◆ WHAT THE EXERCISE ASKS ◆
An exact copy of all records is expected, minus the images.

*** Opening TASK MATERIAL ***

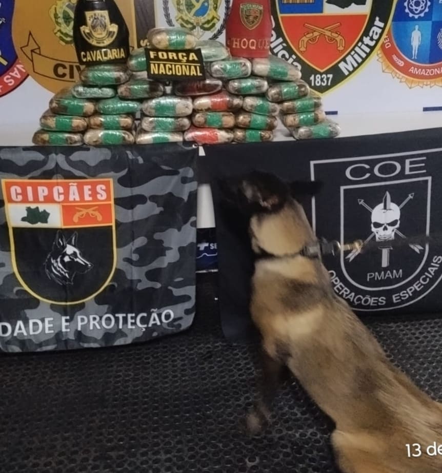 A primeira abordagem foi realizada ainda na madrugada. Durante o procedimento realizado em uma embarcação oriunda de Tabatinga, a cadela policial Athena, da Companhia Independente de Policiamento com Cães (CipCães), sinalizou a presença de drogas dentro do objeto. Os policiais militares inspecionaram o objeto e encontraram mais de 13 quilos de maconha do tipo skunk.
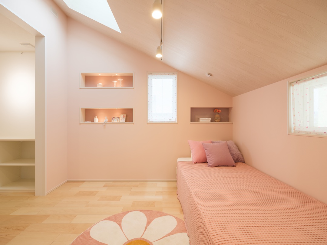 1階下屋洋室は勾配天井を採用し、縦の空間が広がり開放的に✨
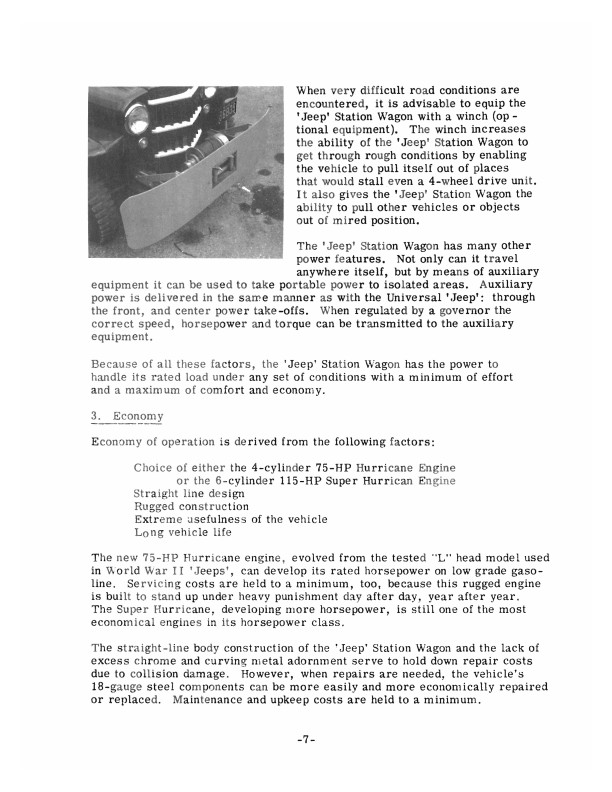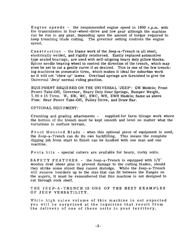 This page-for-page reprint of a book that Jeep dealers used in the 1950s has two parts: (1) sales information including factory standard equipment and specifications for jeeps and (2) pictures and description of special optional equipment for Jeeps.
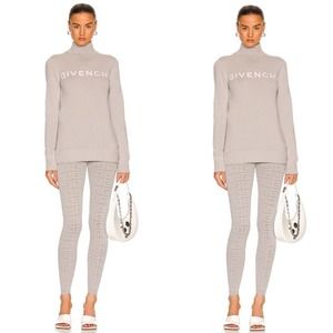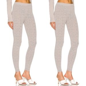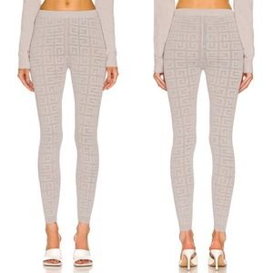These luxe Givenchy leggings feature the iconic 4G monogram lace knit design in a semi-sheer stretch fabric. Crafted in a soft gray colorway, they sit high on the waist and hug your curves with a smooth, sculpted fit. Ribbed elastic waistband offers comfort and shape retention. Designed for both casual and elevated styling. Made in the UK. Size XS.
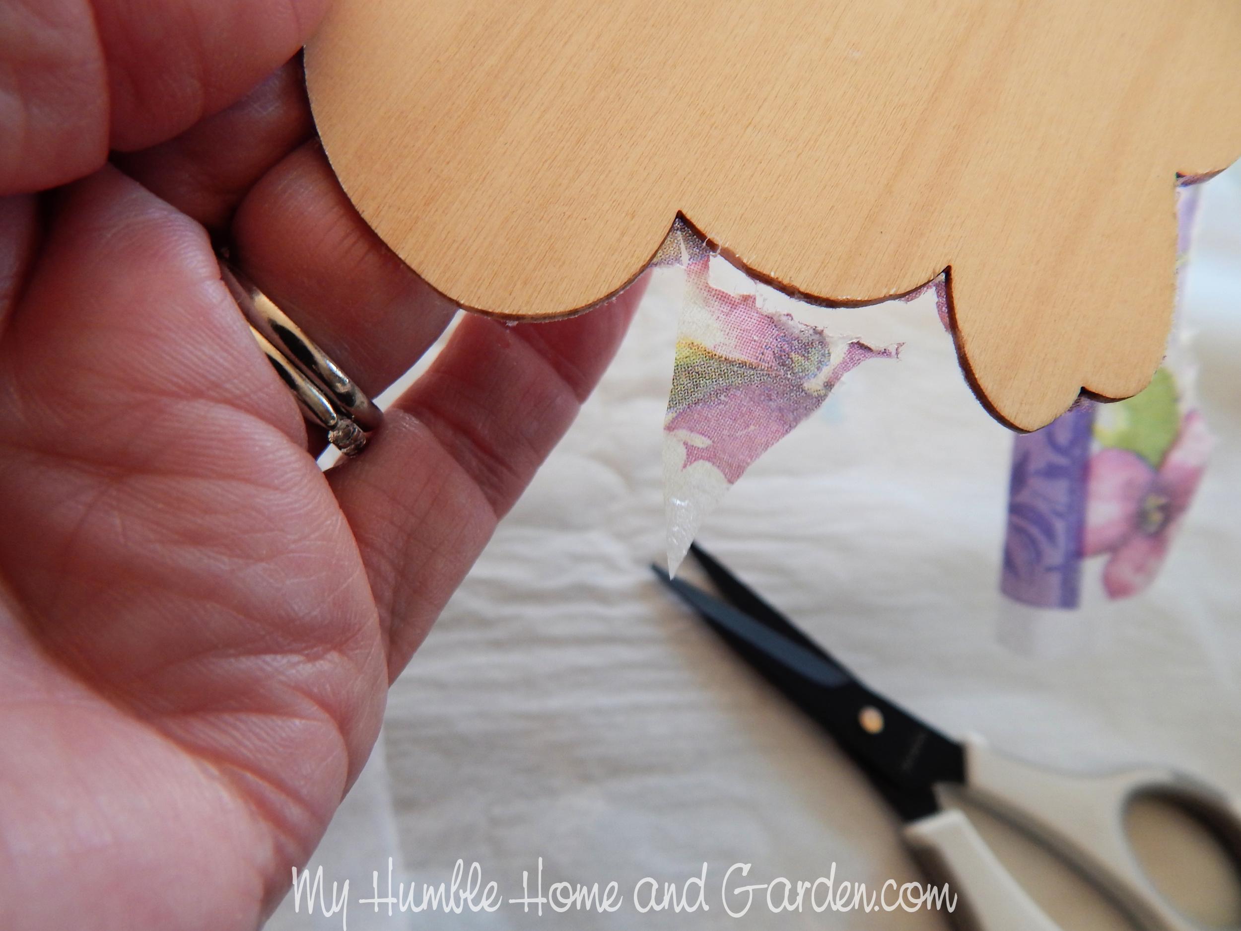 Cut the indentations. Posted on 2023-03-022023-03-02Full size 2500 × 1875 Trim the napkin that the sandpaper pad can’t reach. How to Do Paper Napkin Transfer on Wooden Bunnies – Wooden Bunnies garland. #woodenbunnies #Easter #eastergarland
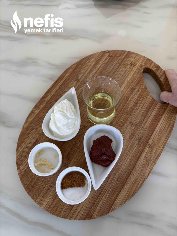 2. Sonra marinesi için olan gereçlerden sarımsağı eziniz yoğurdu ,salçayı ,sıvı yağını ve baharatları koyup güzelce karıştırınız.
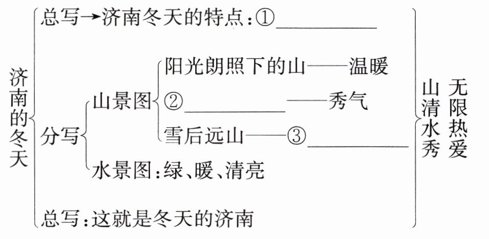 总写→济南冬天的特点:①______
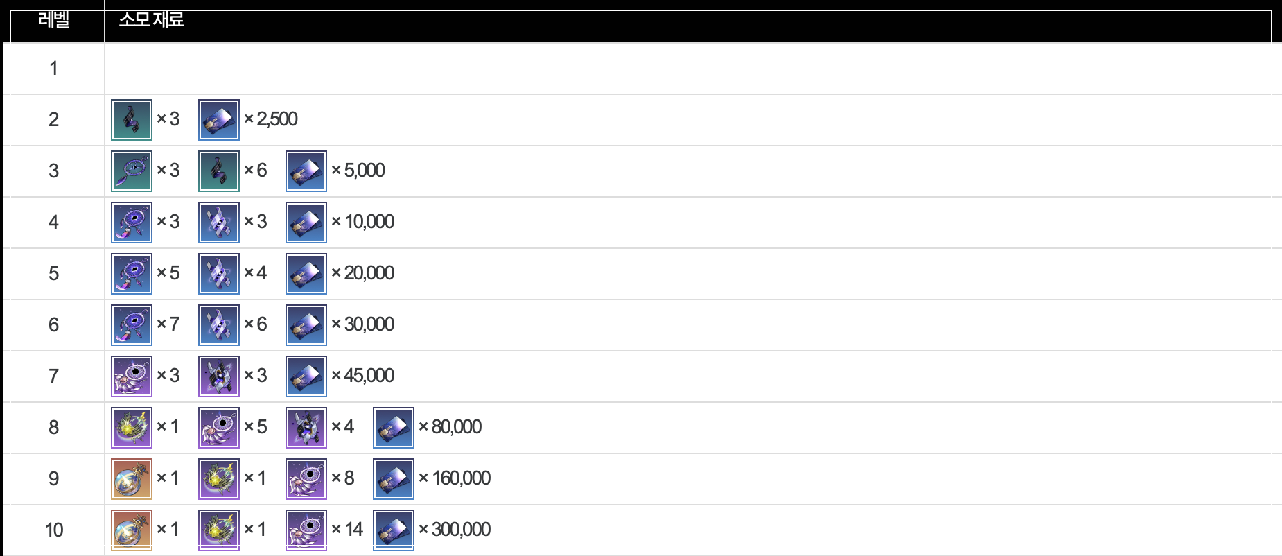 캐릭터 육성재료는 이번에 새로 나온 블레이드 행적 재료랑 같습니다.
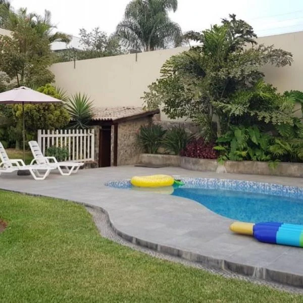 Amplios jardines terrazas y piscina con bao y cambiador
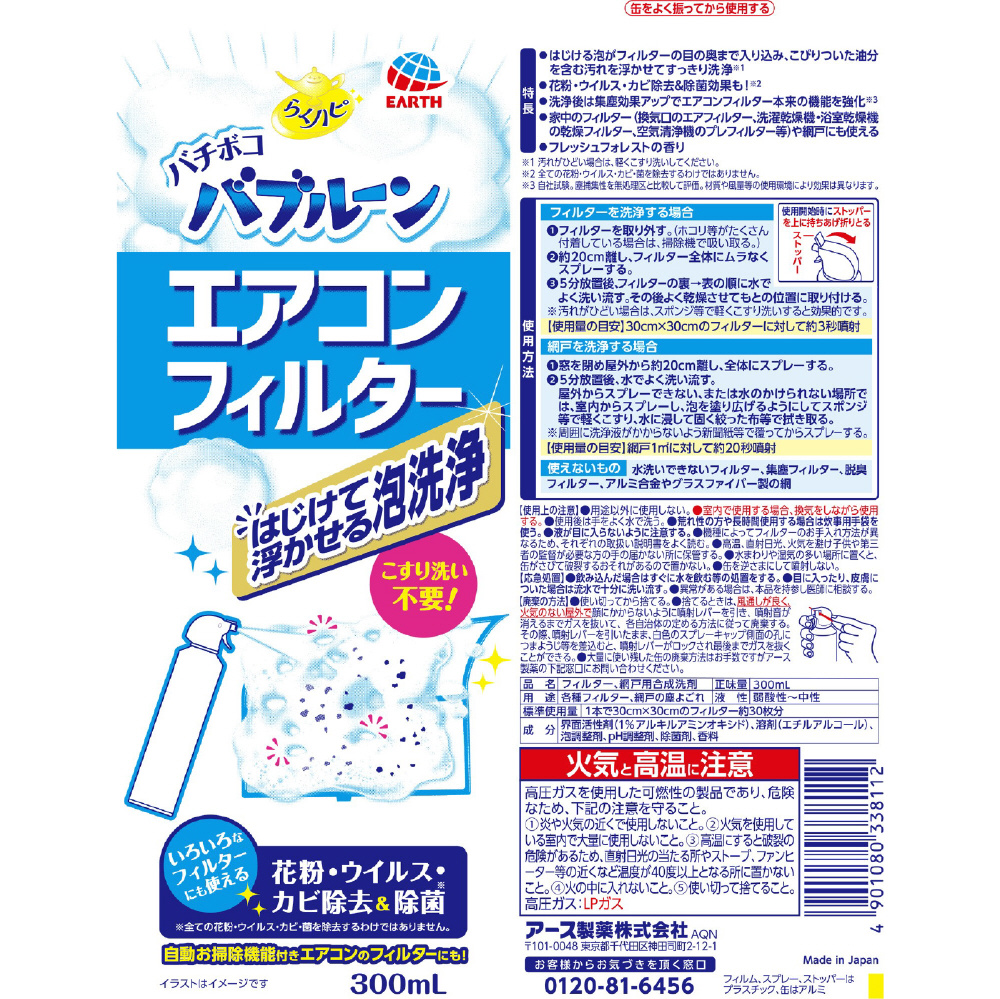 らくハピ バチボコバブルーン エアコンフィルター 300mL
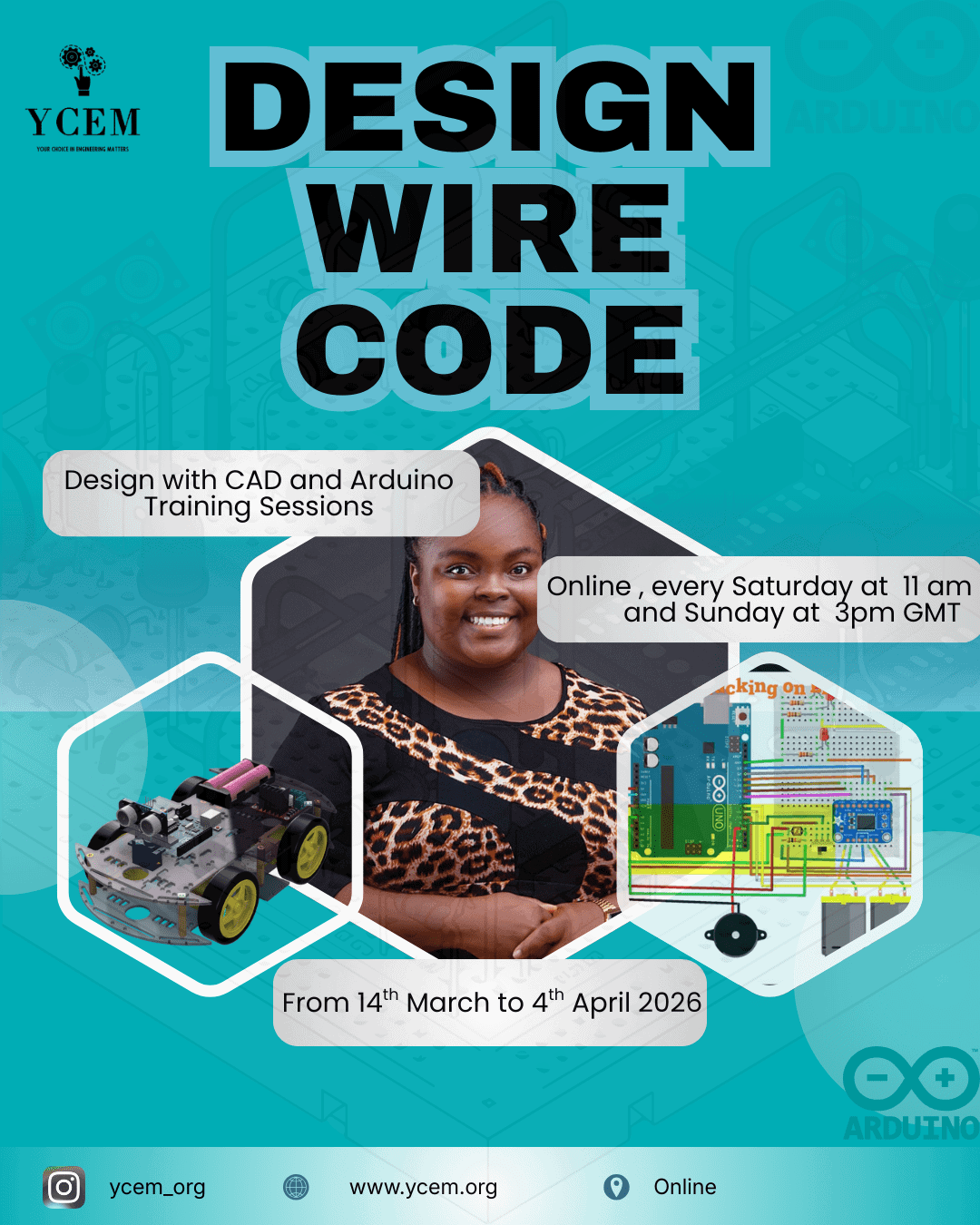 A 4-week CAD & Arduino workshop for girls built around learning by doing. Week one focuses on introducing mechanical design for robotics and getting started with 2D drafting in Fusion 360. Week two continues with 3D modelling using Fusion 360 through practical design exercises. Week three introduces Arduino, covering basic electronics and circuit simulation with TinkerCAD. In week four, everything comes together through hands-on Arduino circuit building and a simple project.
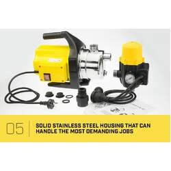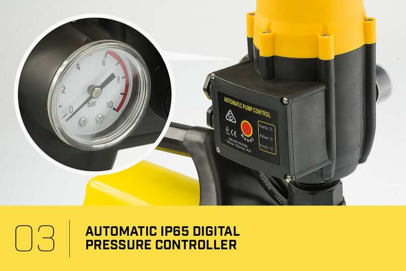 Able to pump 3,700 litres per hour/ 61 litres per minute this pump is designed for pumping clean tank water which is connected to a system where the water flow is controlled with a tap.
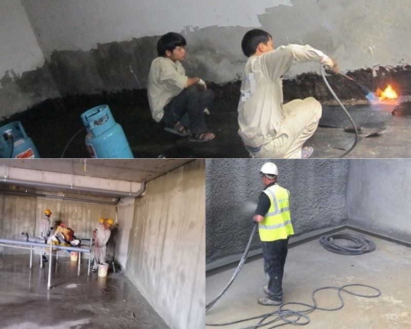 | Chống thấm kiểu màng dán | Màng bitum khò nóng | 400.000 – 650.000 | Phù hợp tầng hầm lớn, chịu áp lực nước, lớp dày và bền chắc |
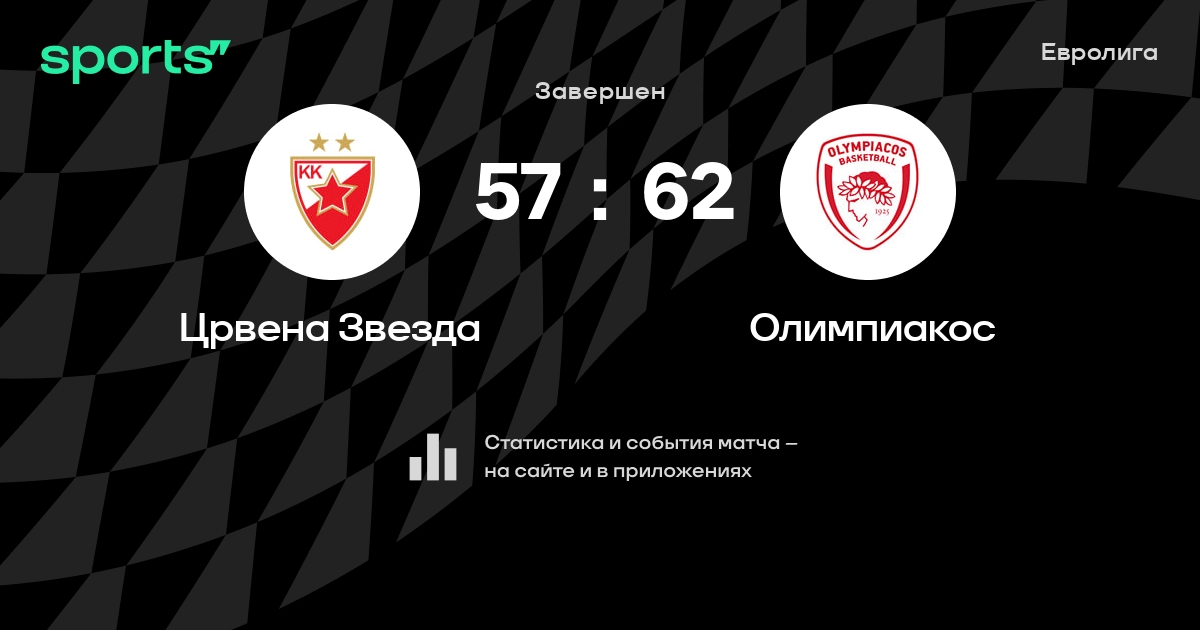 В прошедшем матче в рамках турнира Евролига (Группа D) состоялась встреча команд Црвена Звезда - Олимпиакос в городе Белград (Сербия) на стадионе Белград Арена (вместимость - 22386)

*** Closing TASK MATERIAL ***

◆ YOUR RESPONSE ◆
 A primeira abordagem foi realizada ainda na madrugada. Durante o procedimento realizado em uma embarcação oriunda de Tabatinga, a cadela policial Athena, da Companhia Independente de Policiamento com Cães (CipCães), sinalizou a presença de drogas dentro do objeto. Os policiais militares inspecionaram o objeto e encontraram mais de 13 quilos de maconha do tipo skunk.
 1階下屋洋室は勾配天井を採用し、縦の空間が広がり開放的に✨
 This page-for-page reprint of a book that Jeep dealers used in the 1950s has two parts: (1) sales information including factory standard equipment and specifications for jeeps and (2) pictures and description of special optional equipment for Jeeps.
These luxe Givenchy leggings feature the iconic 4G monogram lace knit design in a semi-sheer stretch fabric. Crafted in a soft gray colorway, they sit high on the waist and hug your curves with a smooth, sculpted fit. Ribbed elastic waistband offers comfort and shape retention. Designed for both casual and elevated styling. Made in the UK. Size XS.
 Cut the indentations. Posted on 2023-03-022023-03-02Full size 2500 × 1875 Trim the napkin that the sandpaper pad can’t reach. How to Do Paper Napkin Transfer on Wooden Bunnies – Wooden Bunnies garland. #woodenbunnies #Easter #eastergarland
 2. Sonra marinesi için olan gereçlerden sarımsağı eziniz yoğurdu ,salçayı ,sıvı yağını ve baharatları koyup güzelce karıştırınız.
 总写→济南冬天的特点:①______
 캐릭터 육성재료는 이번에 새로 나온 블레이드 행적 재료랑 같습니다.
 Amplios jardines terrazas y piscina con bao y cambiador
 らくハピ バチボコバブルーン エアコンフィルター 300mL
 A 4-week CAD & Arduino workshop for girls built around learning by doing. Week one focuses on introducing mechanical design for robotics and getting started with 2D drafting in Fusion 360. Week two continues with 3D modelling using Fusion 360 through practical design exercises. Week three introduces Arduino, covering basic electronics and circuit simulation with TinkerCAD. In week four, everything comes together through hands-on Arduino circuit building and a simple project.
 Able to pump 3,700 litres per hour/ 61 litres per minute this pump is designed for pumping clean tank water which is connected to a system where the water flow is controlled with a tap.
 | Chống thấm kiểu màng dán | Màng bitum khò nóng | 400.000 – 650.000 | Phù hợp tầng hầm lớn, chịu áp lực nước, lớp dày và bền chắc |
 В прошедшем матче в рамках турнира Евролига (Группа D) состоялась встреча команд Црвена Звезда - Олимпиакос в городе Белград (Сербия) на стадионе Белград Арена (вместимость - 22386)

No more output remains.